A investigação da Polícia Federal sobre o acordo de aproximadamente *R$ 308 milhões* firmado entre o Governo de Mato Grosso e a Oi S.A. voltou ao centro do debate político nesta quinta-feira, (6-8)

Em coletiva de imprensa acompanhada pela equipe do *Espia News*, o pré-candidato ao Senado da República *Pedro Taques*, afirmou que a representação criminal apresentada por seu escritório à Procuradoria-Geral da República (PGR) foi o ponto de partida para a apuração que culminou na deflagração da *Operação Heritage*.

Segundo Taques, a denúncia foi construída a partir da análise de documentos que, na avaliação dele, apontam possíveis irregularidades na celebração do acordo entre o Estado e a operadora de telefonia.

*Como surgiu o caso*
O acordo investigado envolve uma disputa tributária entre o Governo de Mato Grosso e a Oi S.A., encerrada por meio de um acordo administrativo que movimentou cerca de R$ 308 milhões.

Na coletiva, Pedro Taques afirmou que o Estado possuía decisões judiciais favoráveis e que, por isso, não haveria fundamento jurídico para a celebração do acordo da forma como ocorreu. Segundo ele, a legislação estadual que criou a Câmara de Resolução Consensual de Conflitos, a *Consenso-MT*, não autorizaria esse tipo de negociação envolvendo créditos tributários.

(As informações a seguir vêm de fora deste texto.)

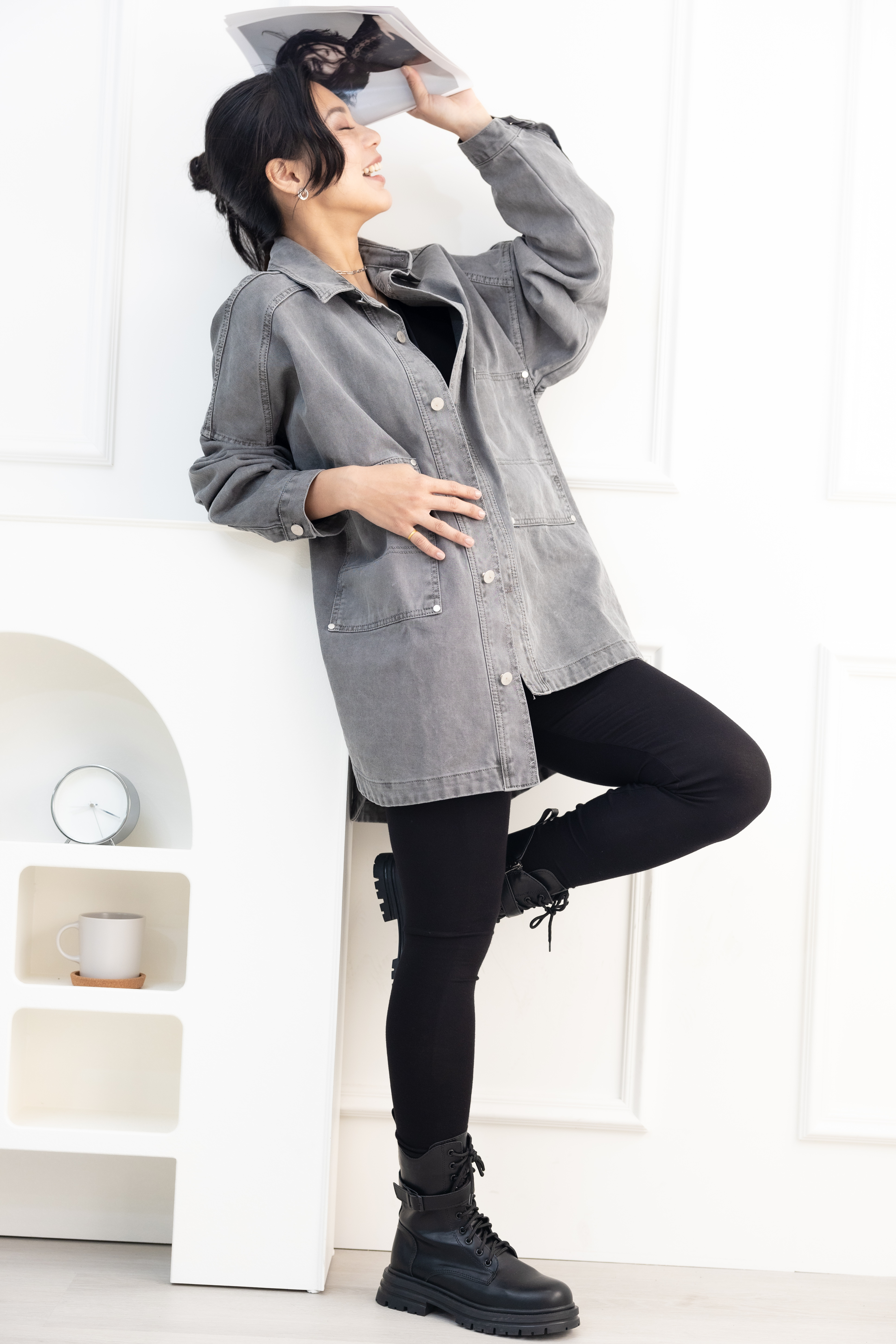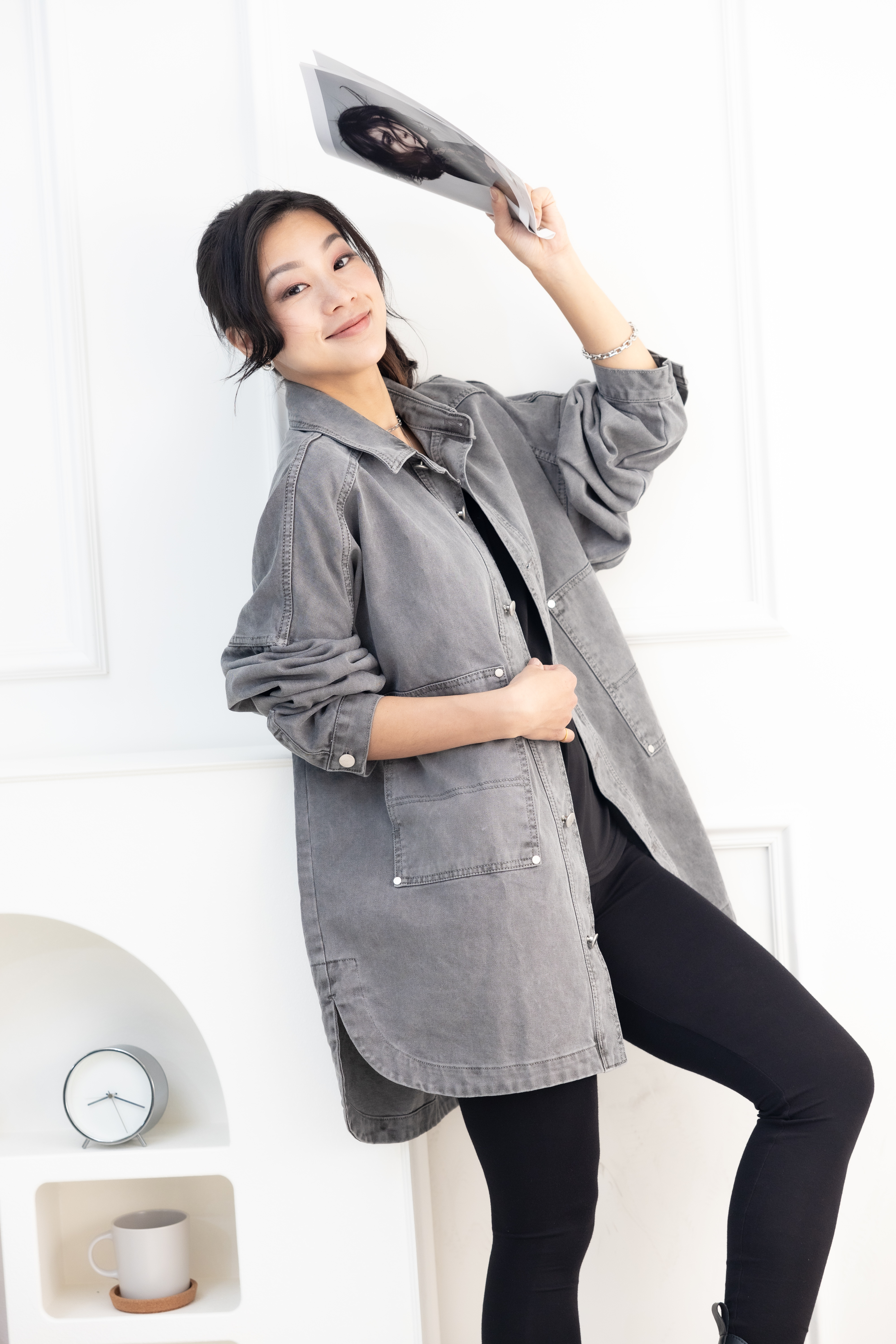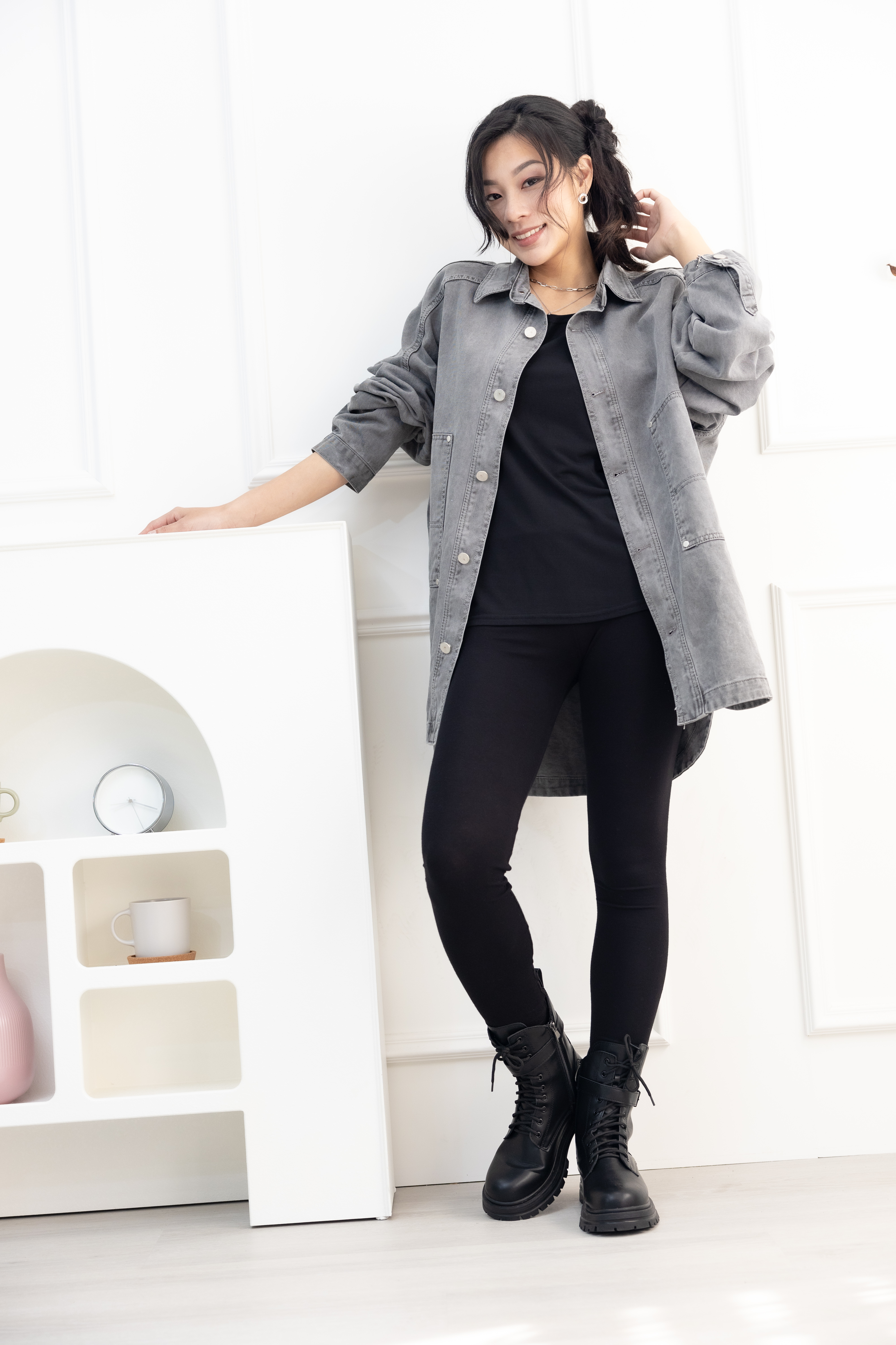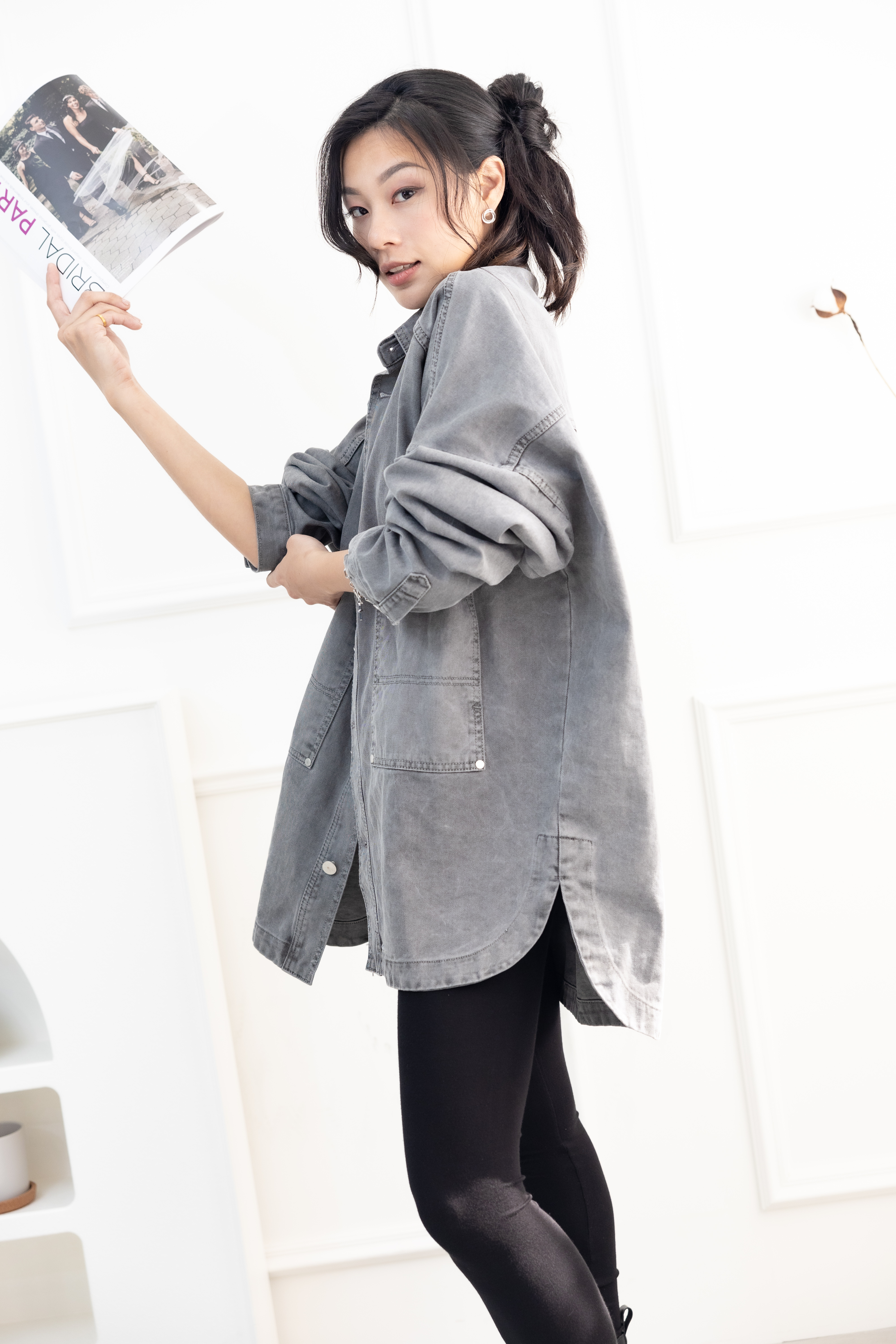 코트 圓弧下擺牛仔長袖外套/淺灰色

O ex-governador também disse que sua equipe identificou movimentações financeiras consideradas suspeitas envolvendo fundos de investimento ligados aos valores pagos no acordo. As informações foram reunidas em uma representação encaminhada à PGR, que posteriormente resultou na abertura das investigações pela Polícia Federal.

*O que disse Pedro Taques*
Durante a coletiva, Taques fez duras críticas ao acordo firmado pelo Governo do Estado e afirmou que:
– *A investigação da PF teve origem* na representação criminal apresentada por seu escritório;
– *O acordo com a Oi foi ilegal*, em sua avaliação;
– *Houve falhas nos critérios* utilizados para definir os valores envolvidos;
– *O fluxo dos recursos públicos precisa ser esclarecido* pelas autoridades responsáveis.

O ex-governador destacou ainda que as medidas cautelares da Operação Heritage foram autorizadas pelo Supremo Tribunal Federal após manifestação da Procuradoria-Geral da República.

*O que investiga a Polícia Federal*
A Operação Heritage apura se houve irregularidades na negociação envolvendo recursos públicos destinados ao acordo com a Oi.

Entre os crimes investigados estão: *organização criminosa, peculato, lavagem de dinheiro, crimes contra o Sistema Financeiro Nacional e uso de informação privilegiada*.

Até o momento, a investigação segue em andamento e não há condenação de qualquer investigado.

*O que diz Mauro Mendes*
*Mauro Mendes nega todas as acusações.*

Em manifestações públicas, o ex-governador afirma que o acordo foi celebrado dentro da legalidade, com respaldo técnico e jurídico, e sustenta que a investigação esclarecerá a regularidade dos atos praticados durante sua gestão. Mendes também atribui as acusações ao ambiente de disputa política.

*Investigação continua*
A Polícia Federal prossegue com a coleta de provas e a análise dos documentos apreendidos durante a Operação Heritage.

A existência da investigação não representa condenação, e todos os investigados têm assegurados os direitos ao contraditório, à ampla defesa e à presunção de inocência.

O *Espia News* continuará acompanhando o andamento do caso e trará novas informações à medida que houver manifestações oficiais das autoridades e das partes envolvidas.